__Your assignment__
Reproduce nothing beyond the line containing "知識產(chǎn)權管理體系認證證書". From the first line of the data below down to it, copy each line exactly, without the pictures.

__Source information__

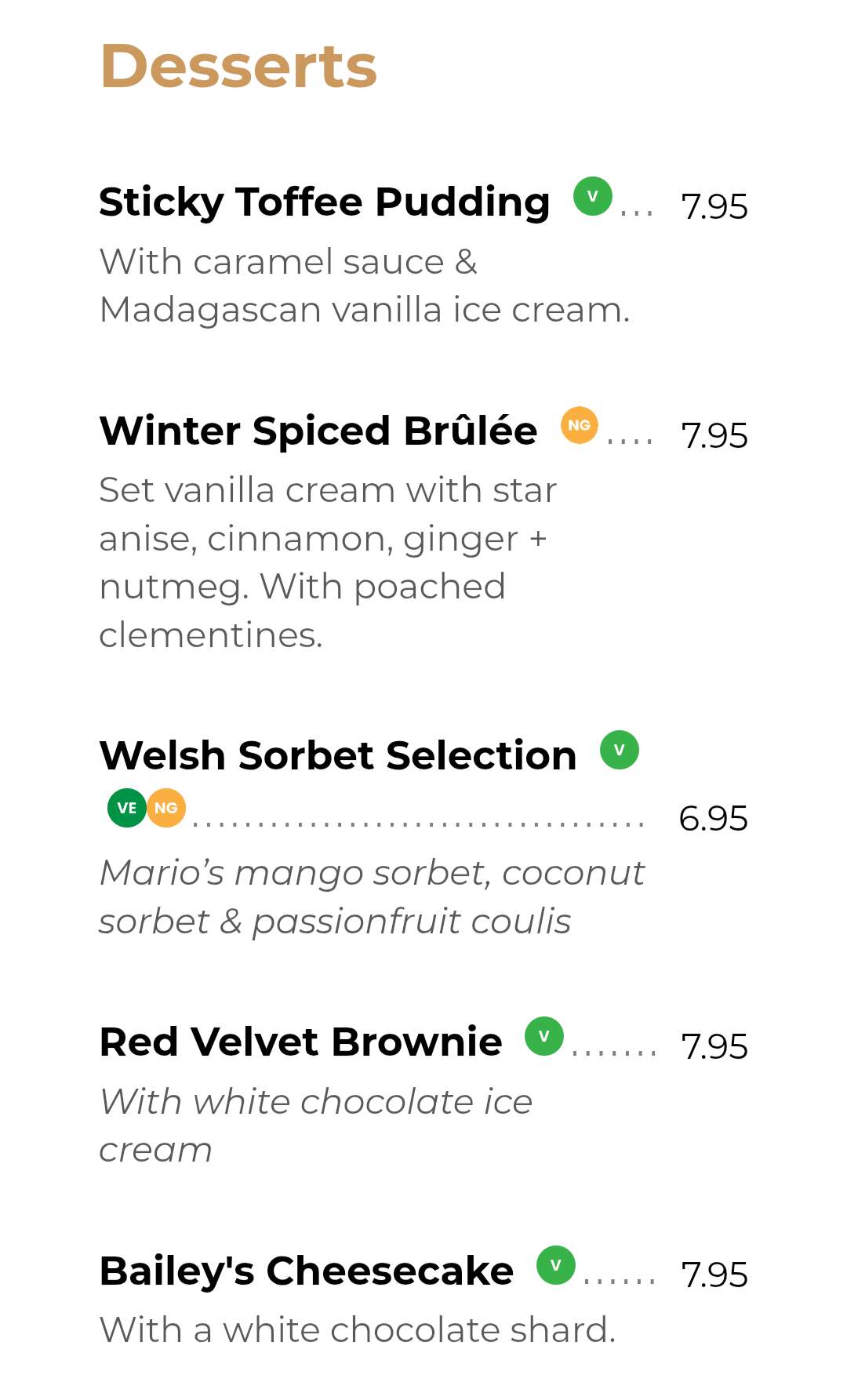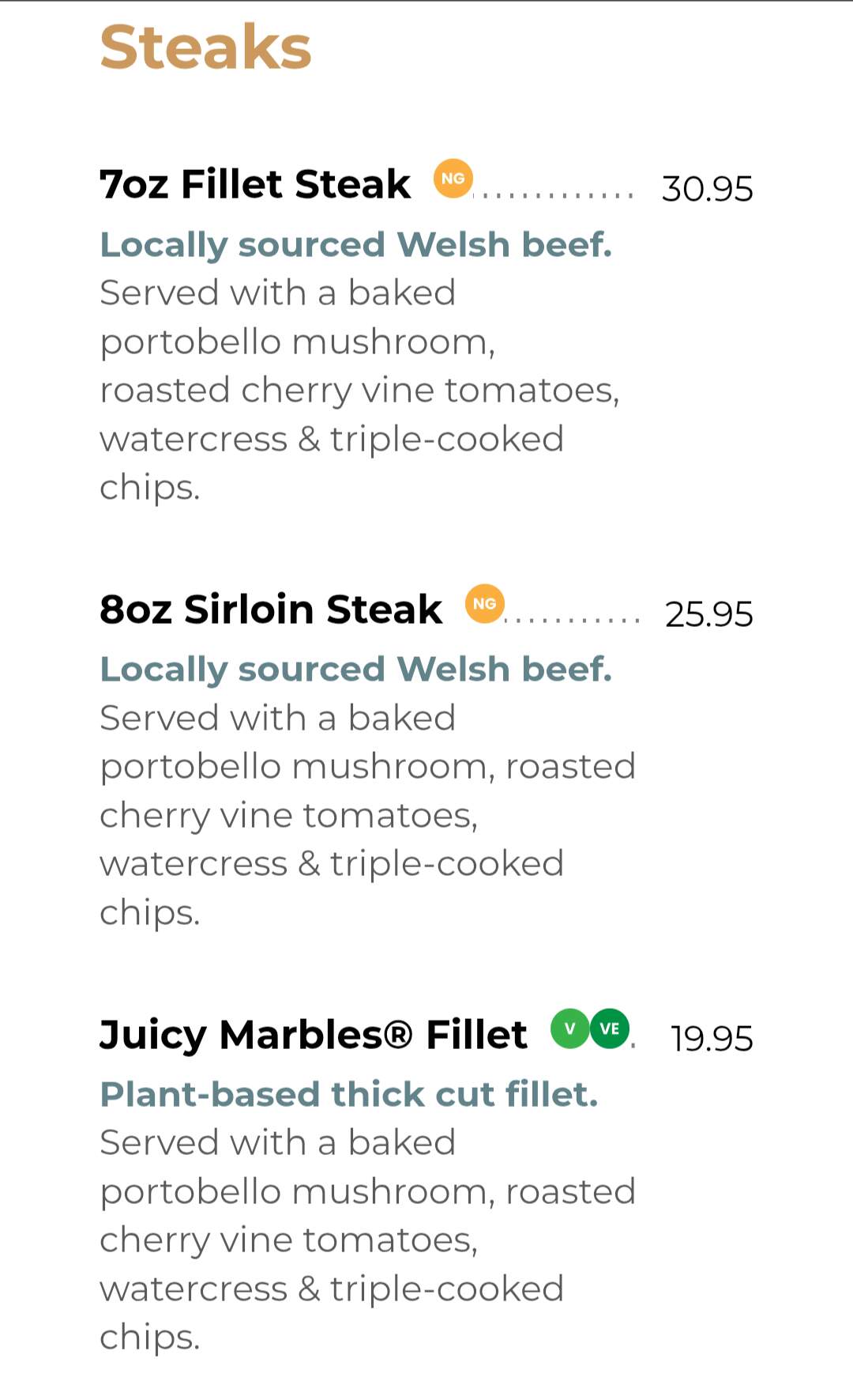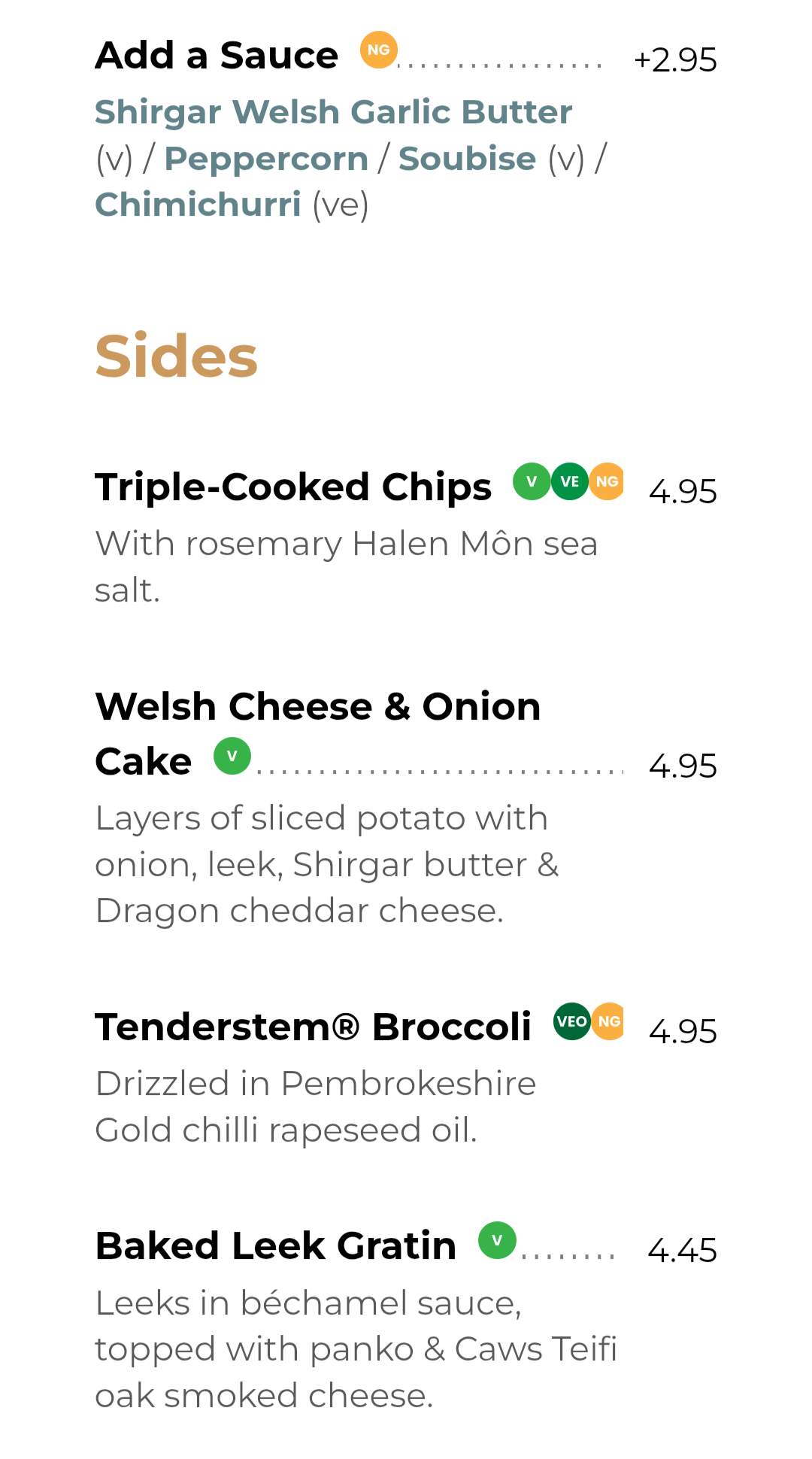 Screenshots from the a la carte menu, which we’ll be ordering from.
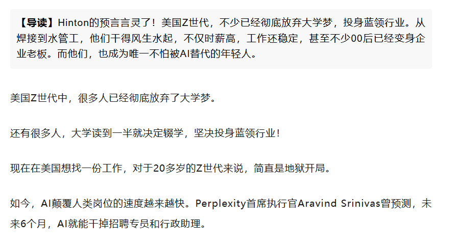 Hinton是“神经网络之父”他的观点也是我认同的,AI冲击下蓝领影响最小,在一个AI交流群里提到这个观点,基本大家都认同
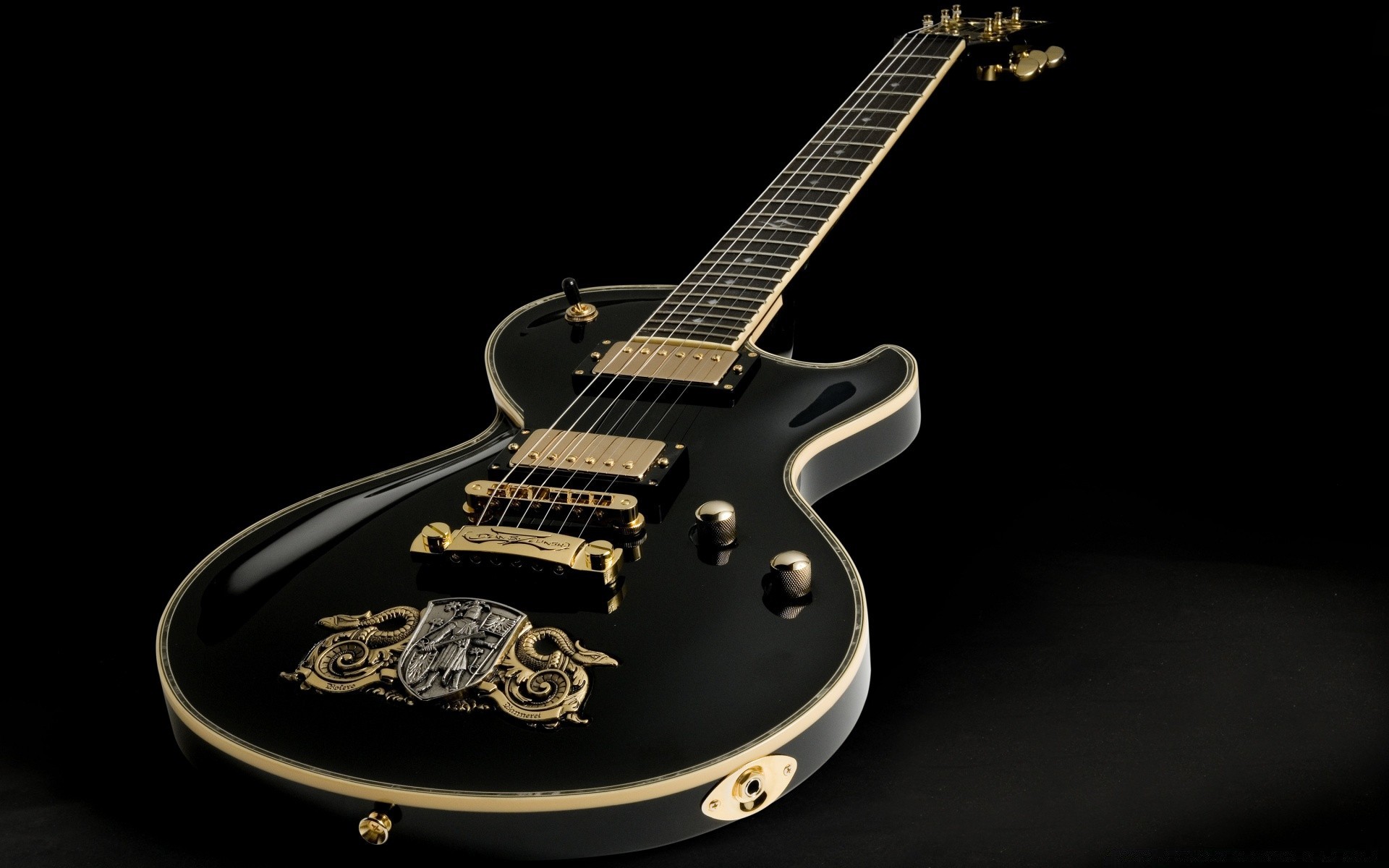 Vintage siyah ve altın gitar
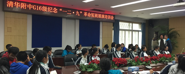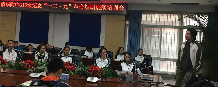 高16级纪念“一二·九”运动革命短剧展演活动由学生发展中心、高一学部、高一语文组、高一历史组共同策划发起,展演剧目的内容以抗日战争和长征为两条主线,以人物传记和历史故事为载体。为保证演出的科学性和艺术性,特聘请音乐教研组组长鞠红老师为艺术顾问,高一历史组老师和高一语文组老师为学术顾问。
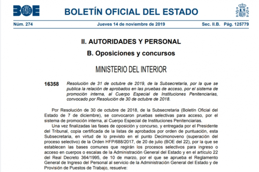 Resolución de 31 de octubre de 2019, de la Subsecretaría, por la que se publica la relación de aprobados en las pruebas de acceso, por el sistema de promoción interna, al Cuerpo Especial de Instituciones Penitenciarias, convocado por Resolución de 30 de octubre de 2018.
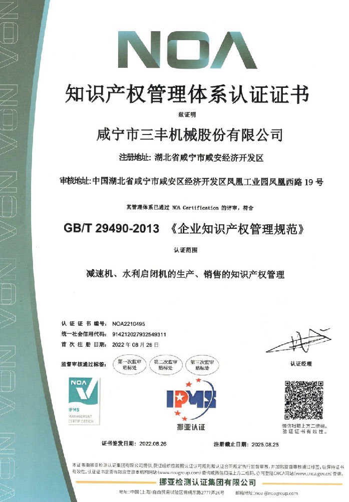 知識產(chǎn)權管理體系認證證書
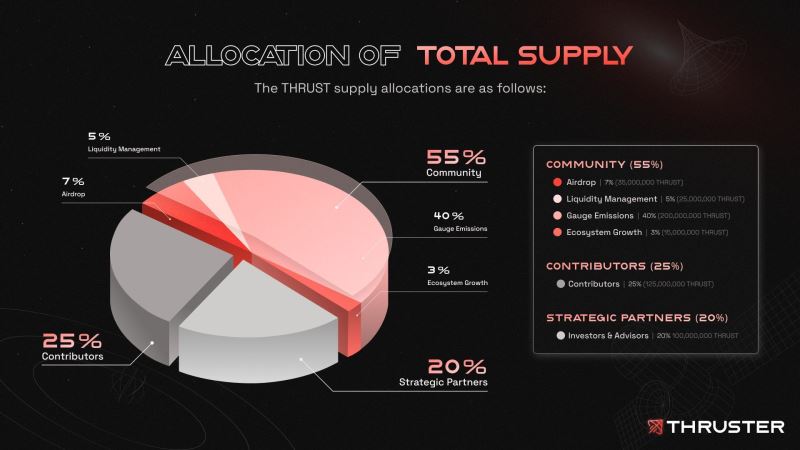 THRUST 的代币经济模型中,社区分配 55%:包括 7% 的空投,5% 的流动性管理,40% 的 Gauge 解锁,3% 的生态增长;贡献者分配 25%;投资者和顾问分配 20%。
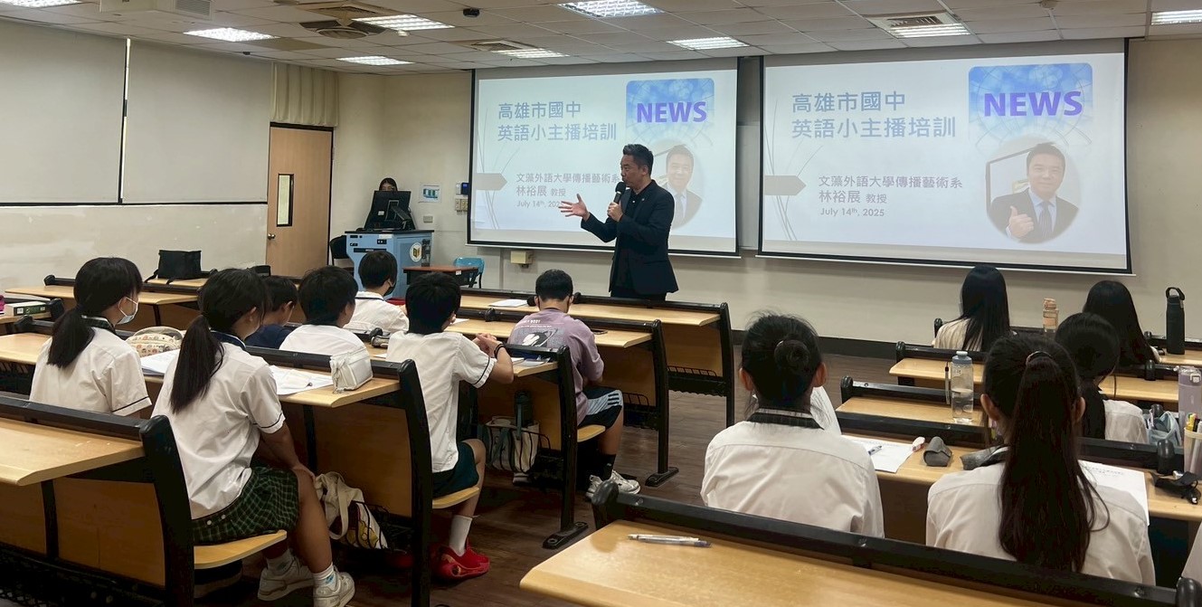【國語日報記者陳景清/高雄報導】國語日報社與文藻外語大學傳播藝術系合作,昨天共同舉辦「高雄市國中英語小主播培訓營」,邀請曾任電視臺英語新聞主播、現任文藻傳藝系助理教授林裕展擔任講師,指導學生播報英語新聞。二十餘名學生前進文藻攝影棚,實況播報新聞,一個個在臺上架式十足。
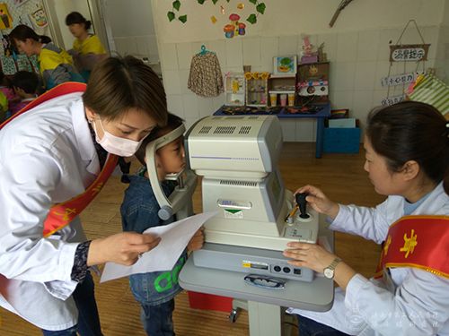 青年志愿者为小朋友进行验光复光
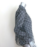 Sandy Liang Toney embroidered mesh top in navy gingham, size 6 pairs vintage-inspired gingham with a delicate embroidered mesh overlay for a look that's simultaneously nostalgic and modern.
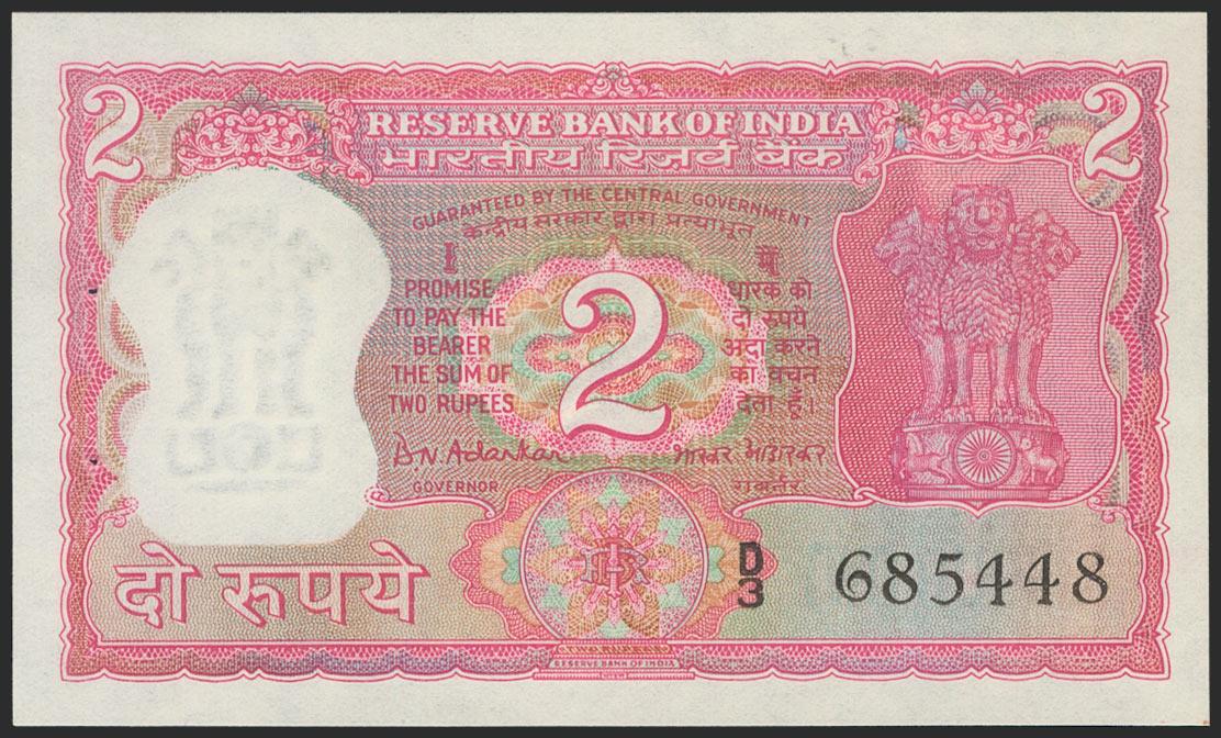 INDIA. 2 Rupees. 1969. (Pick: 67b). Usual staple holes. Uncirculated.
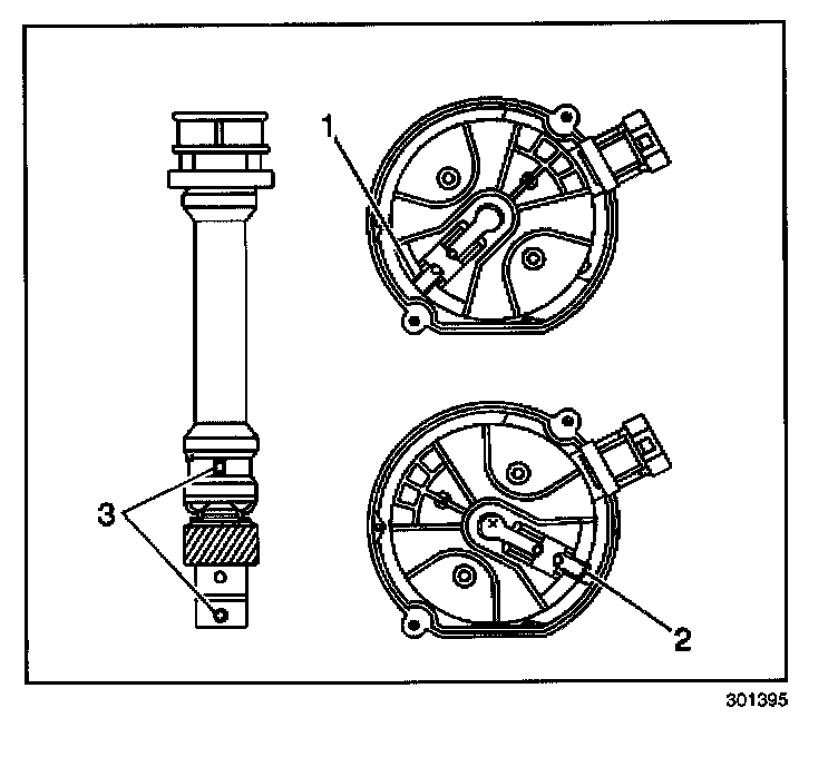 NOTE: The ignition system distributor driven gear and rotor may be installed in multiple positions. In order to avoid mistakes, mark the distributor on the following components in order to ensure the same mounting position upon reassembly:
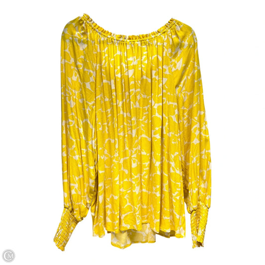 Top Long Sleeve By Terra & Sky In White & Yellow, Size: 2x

__Result of the task__
 Screenshots from the a la carte menu, which we’ll be ordering from.
 Hinton是“神经网络之父”他的观点也是我认同的,AI冲击下蓝领影响最小,在一个AI交流群里提到这个观点,基本大家都认同
 Vintage siyah ve altın gitar
 高16级纪念“一二·九”运动革命短剧展演活动由学生发展中心、高一学部、高一语文组、高一历史组共同策划发起,展演剧目的内容以抗日战争和长征为两条主线,以人物传记和历史故事为载体。为保证演出的科学性和艺术性,特聘请音乐教研组组长鞠红老师为艺术顾问,高一历史组老师和高一语文组老师为学术顾问。
 Resolución de 31 de octubre de 2019, de la Subsecretaría, por la que se publica la relación de aprobados en las pruebas de acceso, por el sistema de promoción interna, al Cuerpo Especial de Instituciones Penitenciarias, convocado por Resolución de 30 de octubre de 2018.
 知識產(chǎn)權管理體系認證證書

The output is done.